Why, why is my program running so slowly? Why does it run out of memory? And that's

faced programmers for a really long time and the insight to address this. Deuter

Kanoof, in the 1970s, was that, we really can use the scientific method to

understand the performance of algorithms in operation. Maybe we're not unlocking

new secrets of the universe but, we can use the, scientific method, and treat the

computer, as something to be studied in that way and come to an understanding of

how our program are going to perform. And let's take a look at that in more detail.

So this just a quick summary of what we mean by the scientific method, which has,

been successful for a couple of centuries now. So, what we're going to do is,

observe from some feature of the natural world. In this case, it's going to be the

running time of our program on a computer. Then we're going to develop hypothesis

some model that's consistent with the observations, and we're going to hope

that, that hypothesis is good enough that it'll allow us to predict something.

Usually predict a running time for larger problem size, or on a different computer.

And then we'll verify the predictions by making more observations, and validate

until we're comfortable that our model hypothesis and observations all agree.

That's a way to get comfort that we understand the performance of our

programs.
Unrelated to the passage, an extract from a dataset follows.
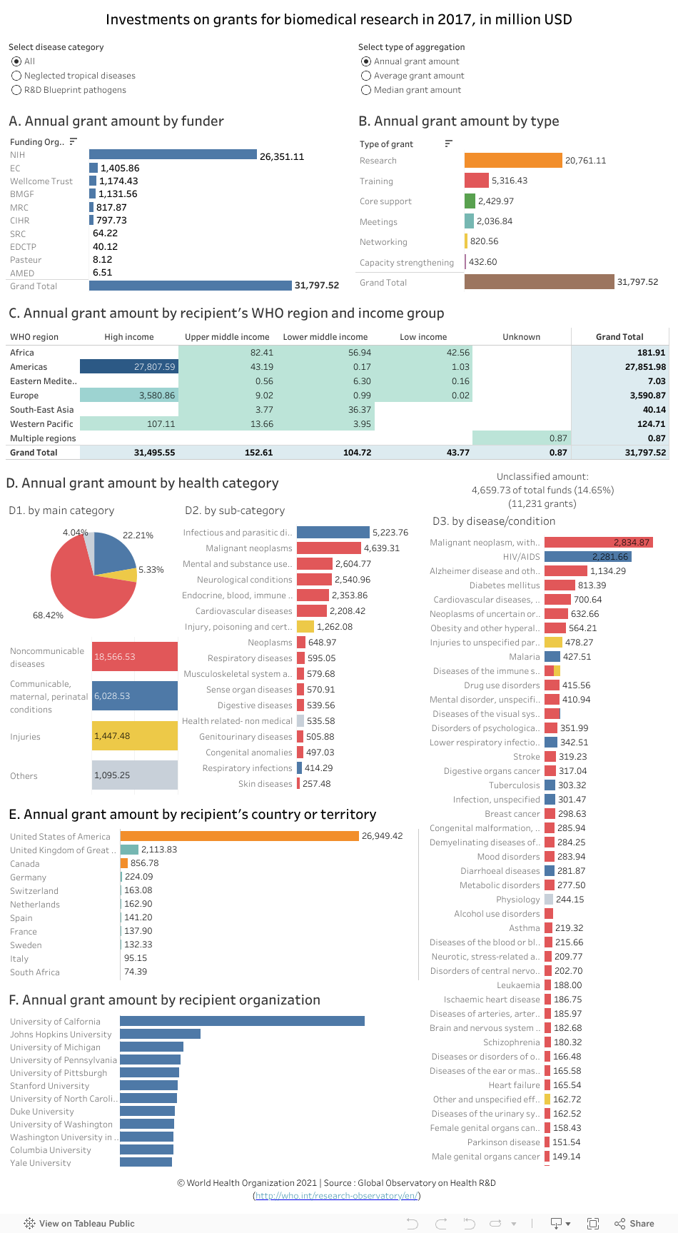 - The top three diseases among the WHO neglected tropical diseases to receive grants were dengue, leishmaniasis, and trachoma (receiving approx. US$ 0.06 billion, US$ 0.03 billion, and US$ 0.02 billion, respectively). (Select the “Neglected tropical diseases” button from the disease category options at the top of the visualization and then view chart D3.)

Now, the within the scientific method, there's some basic principles and

the, the first is that if you're going to run experiments, you should expect that

somebody else should be able to run experiments and get the same result. And

also the hypotheses have to have a specific property that the experiment can

show the hypothesis to be wrong. So, it has to be carefully crafted, and we'll be

sure to try to do that. So, and again the future of the natural world that we're

studying is some particular computer that exists in the natural world. It changes

the algorithm from an abstraction to a, some, some kind of actual physical thing

happening like electrons racing around inside the computer.